Second, in terms of results, we predict that the interaction with a charge-separated oxide substrate will significantly alter the optical response of these systems, as drawn from an inspection of the simulated spectra and their perpendicular vs. parallel components of the transition moment dipole and rationalized via an analysis of the system’s Molecular Orbitals (MOs). Even in the case in which there is the least mixing of the cluster/support wave functions, i.e., the MgO(100) regular surface, we predict an appreciable perturbation of the spectra. For example, the pre-plasmonic peak of Ag₂₀ splits into two peaks: a lower-energy one exhibiting a transition dipole moment parallel to the surface and red-shifted by 0.6 eV, and a higher-energy peak only slightly energy-stabilized and exhibiting a transition dipole moment perpendicular to the surface. The main peaks of Au₂₀ in the near-UV also see a stabilization by 0.4–0.5 eV into the optical region. This red-shifting effect is accompanied by a broadening and a fragmentation of the absorption peaks. These broadening and fragmentation phenomena are particularly apparent when a point defect is present in the oxide such as an oxygen vacancy with its highly polarizable electronic states coupled and mixed with the metal cluster excitations. We also considered local doping of the cation framework with transition metal impurities, and, unexpectedly, we found that, in the Ag₂₀ case, the co-presence of this defect and of a neighboring oxygen vacancy can induce mixing of the electronic excited-state wave functions that change the character (parallel or perpendicular to the surface) of the optical response of the metal clusters, thus being of interest in view of charge injection or energy-transfer phenomena. An opposite behavior was instead found in the Au₂₀ case.

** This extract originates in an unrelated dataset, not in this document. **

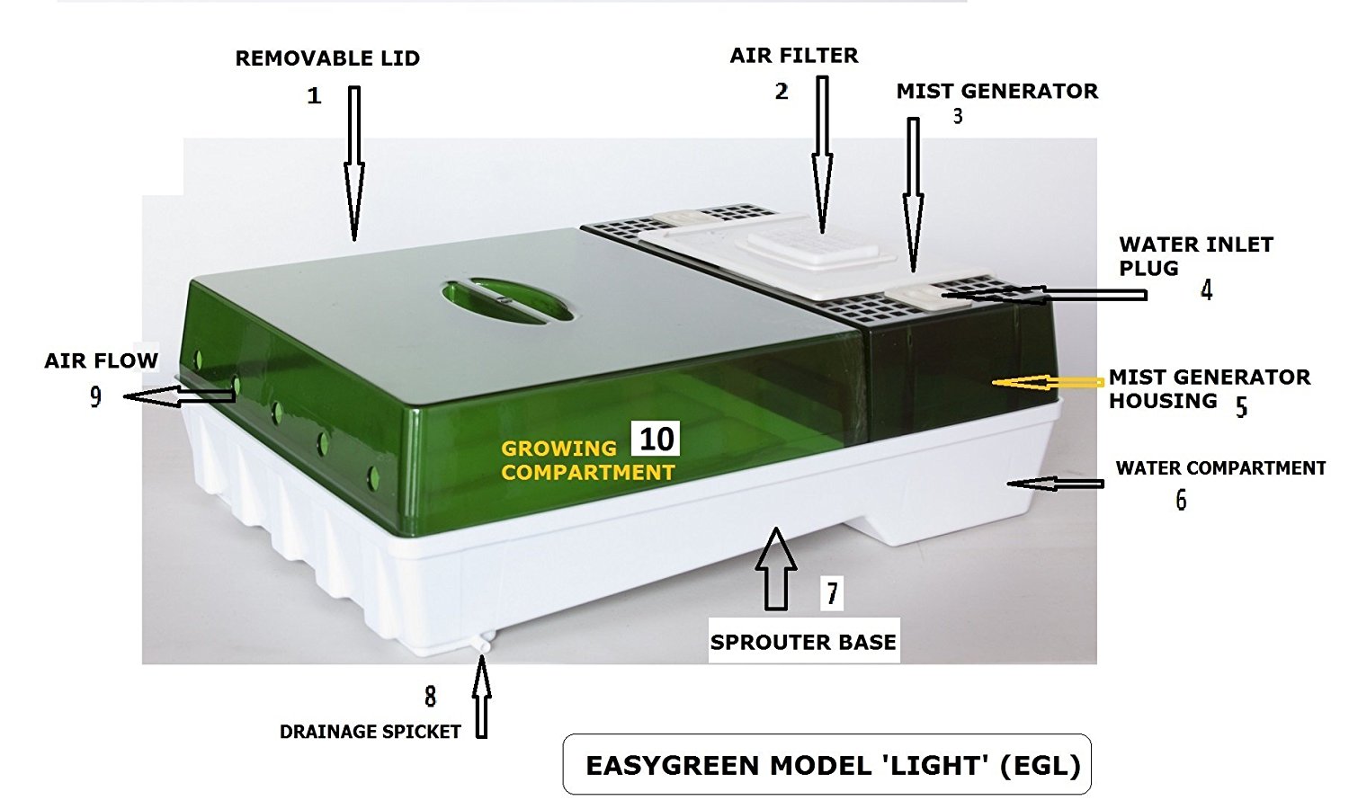 - Patented Mist Generator technology simultaneously distributes mist and oxygen to seeds and sprouts.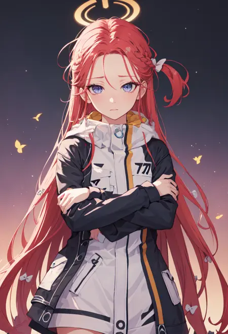 - The pruned character tags are red hair, long hair, halo, bow, hair bow, very long hair, braid, yellow halo, white bow, purple eyes, blue eyes. You can add them into prompts when core features (e.g. hair color) of character is not so stable.

In terms of perspectives, the extension of this work to reducible oxides seems the most promising direction. Further work may also focus on larger systems closer to the photocatalytic nanoparticles typically used in experiments. The use of analysis tools such as the Individual Component Map of Oscillatory Strength (ICM-OS) plots [53] as well as the extension to chiral systems, including the use of analysis tools such as the Individual Component Map of Oscillatory Strength (ICM-RS) plots [54] could turn out to be very useful when investigating larger systems.